Il piano di ristrutturazione e riuso della Casa del Fascio di Predappio dovrà partire da una riflessione sui musei di storia contemporanea e dei loro risultati e proporsi come un progetto d’avanguardia che possa intrecciare una conoscenza basilare della storia del fascismo e dell’Italia durante il fascismo, la possibilità di vivere esperienze relative a quel periodo grazie alla partecipazione/interazione che le nuove tecnologie permettono, l’accrescimento di una capacità critica che possa permettere -sulla base anche di testimonianze dei protagonisti e delle vittime del regime- un autonomo giudizio etico-politico storicamente fondato. È la riflessione storica che deve diventare il punto di partenza e la base per una riflessione/scelta di valori che, per quanto condivisi dalla maggioranza, non si possono dare per scontati e acquisiti, e neppure possono solo essere propagandati, ma devono essere conquistati con la conoscenza e la riflessione.

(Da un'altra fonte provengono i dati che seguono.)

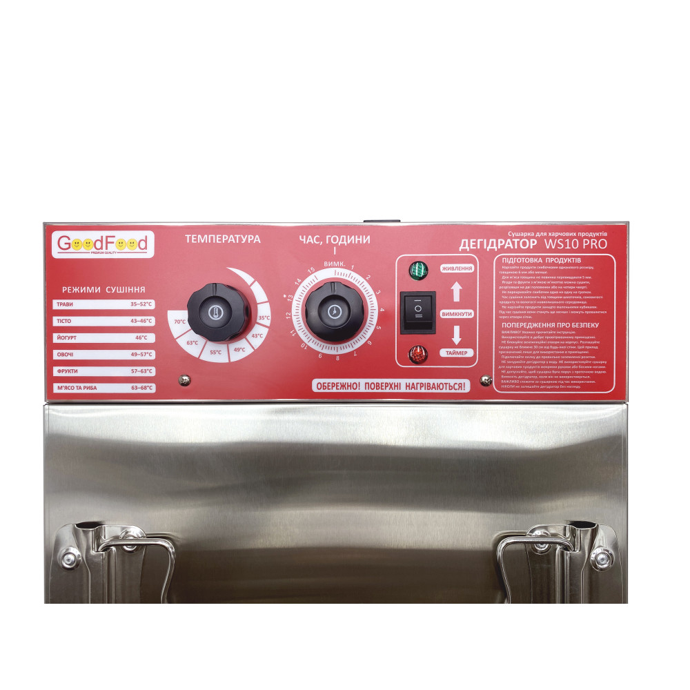 Сушарка промислова для харчових продуктів (дегідратор) GoodFood WS10 PRO створена для стабільного, гігієнічного й контрольованого сушіння продукції без втрати якості. Професійна модель допомагає швидко вивести на ринок ягоди, чіпси з фруктів та овочів, трави, м’ясні та рибні снеки з прогнозованим результатом партії за партією.

Il carattere complesso e contraddittorio dell’esperienza storica è qualcosa che va oltre la semplice -e comunque necessaria- individuazione di valori, e deve riuscire a dar conto delle difficoltà delle scelte etico-politiche, e a volte radicali, che si pongono di fronte a tutti i cittadini in alcuni momenti storici. Un museo storico non è mai, se concepito e realizzato con criteri moderni, la celebrazione di un "punto di vista” della storia, né di quello che ha vinto ma neppure di quello più "giusto”; bensì lo strumento per comprendere la storia e interagire con essa sulla base delle conoscenze, dei valori, dei problemi del presente. Il fascismo è stato al centro di quel sistema di regimi totalitari che ha caratterizzato l’epoca tra le due guerre e che, per una parte d’Europa, è proseguito anche oltre. La coscienza europea odierna, fondata sui valori di democrazia, diritto, partecipazione e unità dell’Europa che si sono imposti dopo il 1945 e dopo il 1989, ha bisogno di una riflessione storica che aiuti la costruzione di una memoria comune, che non può che fondarsi sulla comprensione e sulla conoscenza critica di quanto avvenuto.
Predappio, che rimane necessariamente, comunque lo si veda, un "simbolo” ineliminabile della storia legata al fascismo, deve cessare di essere un momento di quella "memoria”, soggetta ai flussi più deleteri della nostalgia, per diventare il momento propulsore di una diffusione di conoscenza storica e comprensione della sua complessità. La Casa del Fascio dovrà essere il centro di un percorso educativo permanente su più piani che possa diventare, grazie a un progetto originale e innovativo, un momento indispensabile per la costruzione e il rafforzamento della identità storica italiana e europea.